I went to your concert and I didn't feel anything (v2.0)
'I WENT TO YOUR CONCERT AND I DIDN'T FEEL ANYTHING' is a performance lecture about emo music from the early 2000s, told through the artists' personal history. It speaks of the eponymous emotional performativity of this white male dominated music genre with humor through bad teen drag and a final riotgrrl reclamation of voice and emotional indifference (with backup vocals from Daphne Simons).
You May Bargain! I Know You May.
An installation of textile sculpture and installation, text work, and new and archival video works both made in collaboration with burlesque dancer Aria Delanoche.
Outdoor School
Outdoor School was a five-week residency program with Amish Morrell, Diane Borsato, and Tania Willard. There, I produced a series of analog color photographic works and texts alongside collaborator Tor Jonsson, as well as a workshop and performance event called "Keeping Loose Ends".
Sonic Eggs
Collaborative performance and sound-piece with Rotterdam-based artist Merve Kılıçer, after spending a week in-residence with art space Swimming Pool in Sofia, Bulgaria.
Available and The Rat
A project space run out of the front of my apartment in the south of Rotterdam. Available and The Rat hosts artistic projects, workshops, exhibitions, and events.
23 Days At Sea
A residency on a freight ship crossing the Pacific Ocean. One work produced, "Shanties", is a visual and auditory landscape that considers the contemporary role of music at sea. Verbal moments punctuate a soundscape of songs, and conversations about them, recorded aboard CMA CGM Fidelio, a freight ship traveling from Vancouver to Shanghai across the Pacific Ocean.
We of the Middling Sort
For We of the Middling Sort, the cutaways of a local upholsterer and the unwanted clothing donated by its residents have been used as the raw material for the work. Some of these garments, stretched taut or disassembled, are documented in photograms-cameraless images made by exposing a photosensitive surface to light.

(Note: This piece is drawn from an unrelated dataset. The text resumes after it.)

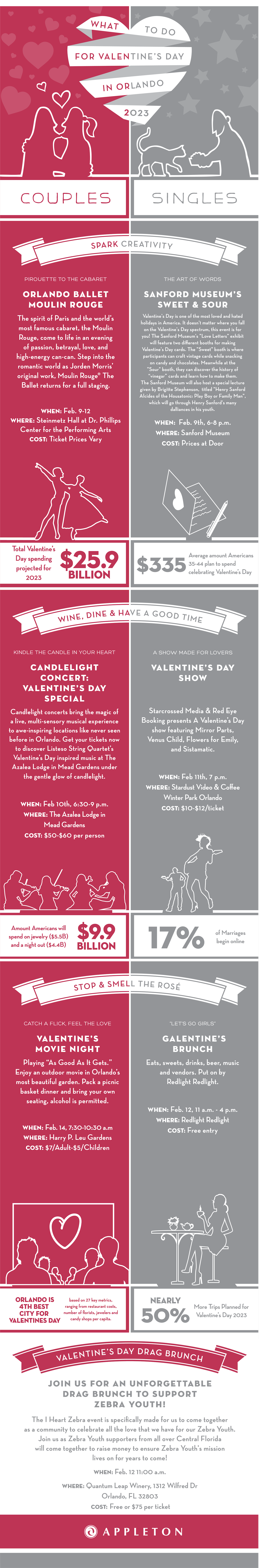 Looking for the best things to do for Valentine’s Day in Orlando in 2023? Whether you’re single or a couple, we’ve got you covered. Spend your Valentine’s Day with the person, or people, you love! The Orlando area is filled with adventurous, relaxing and delicious events this year that you won’t want to miss. Check out our annual Valentine’s Day infographic to find out what event speaks to your heart.

The prints capture light passing through garment openings and gossamer-thin surfaces, revealing spectral portraits of wear and the murky threshold between flesh and fabric.
Fogo Island Arts Workshops
Workshops on Fogo Island in Newfoundland in the summers of 2015 and 2016. Attendees of these workshops (adults and children, tourists and locals) were invited to think of the atmosphere of Fogo Island - specifically, the ground and the sky, as integral ingredients in producing these process-based artworks. Fogo Island's sun will expose cyanotype prints, while Shoal Bay's rocky terrain will serve as ample ground for the diverse textures for frottage rubbings.
The Mouth Holds the Tongue
Collaborative exhibition with artists Nadia Belerique and Laurie Kang. The work foregrounds the pleasures inherent in representing and experiencing time and space. It points towards collaborative methodologies by privileging temporal fissures and offering temporality as a visceral means of organizing individuals non-hierarchically. The forms of collaboration implicit in this project are not found simply within the artists' collectivity but implicate the curator, institution, viewer, and space.